Steven: It’s so true. I thought this idea of practicing gratitude was kind of some light, fluffy, airy, fairy thing. And then, over the last, I'd say, three years, when I reflected on the moments when I'm just alone, and I get overwhelmed to the point where it's like, slightly emotional, usually, sometimes by music, or whatever it might be, I can genuinely make myself overwhelmed to almost the point of tears of gratitude.


Mo: Absolutely.


Steven: I did it last night. I was in my bedroom, and I was walking through and I posted on my Instagram.

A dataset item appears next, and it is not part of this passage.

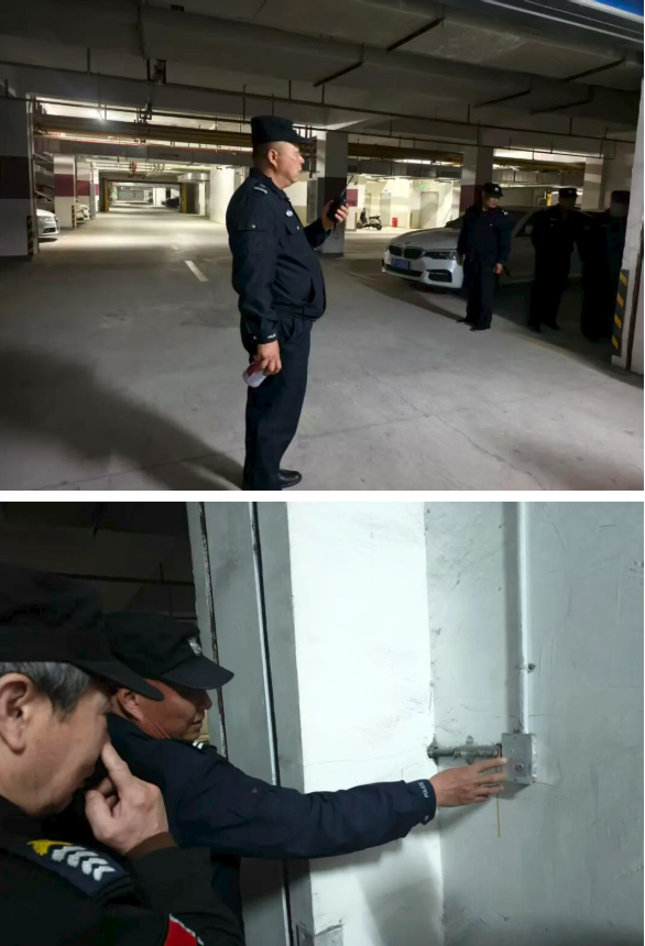 (二)地下室突发火情,监控室立即通知巡逻岗。队员迅速佩戴防护装备到场查看:若为小火,立即用灭火器或消防栓扑救;若火势较大,立即撤离并关闭防火卷帘门阻断蔓延,同时第一时间拨打119.通过广播、业主群通知住户。住户们闻讯后,沿安全通道有序撤离,现场秩序井然,有效避免拥挤踩踏风险。
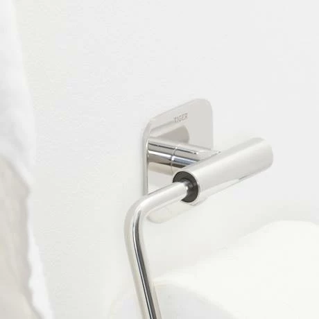 This toilet paper holder from the Tiger Colar range is stylish and completely on-trend. The holder is robust, but thanks to its simplicity in design, it has an open and friendly design. The Colar toilet paper holder can be mounted in its entirety with the supplied strong, double-sided 3M tape.

I think I posted; “Blessed, grateful, and enough”, just the three words, because I have that sometimes this overwhelming feeling of like, yeah.


Mo: I’m so lucky.


Steven: And you know, that is a choice. That was a choice to have those thoughts, to have those thoughts about like, enough, I have everything I need. And to be quite honest, way more. And to be fair, I always have, before the money, I've always been enough.


Mo: Totally.


Steven: You know, and it was society's attempt to convince me that I wasn't.

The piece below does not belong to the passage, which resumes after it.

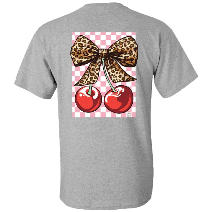 Leopard Cherry Southern Sassy Preppy Leopard Short Sleeve Graphic Tee

Mo: $4 t-shirts. How many of those can I buy? You think about it. And yet some of us waste an entire lifetime trying to get more Armani suits. Why?


Steven: Because of the matrix whenever they call it.


Mo: Absolutely. So you're smart. You're so smart to be able to make the money to buy the Armani suit. And yet you're still a sucker for the eyes of the people that are gonna think of you as more than you are because you're wearing it. Seriously I mean, if it pleases you, by the way, nothing wrong with being fashionable and beautiful, and taking care of yourself. Absolutely. But if you're doing it for the ego, what does that say about you? You're so freaking successful, and you're still, you know, expecting that people will value you more because you're wearing a suit? I don't know.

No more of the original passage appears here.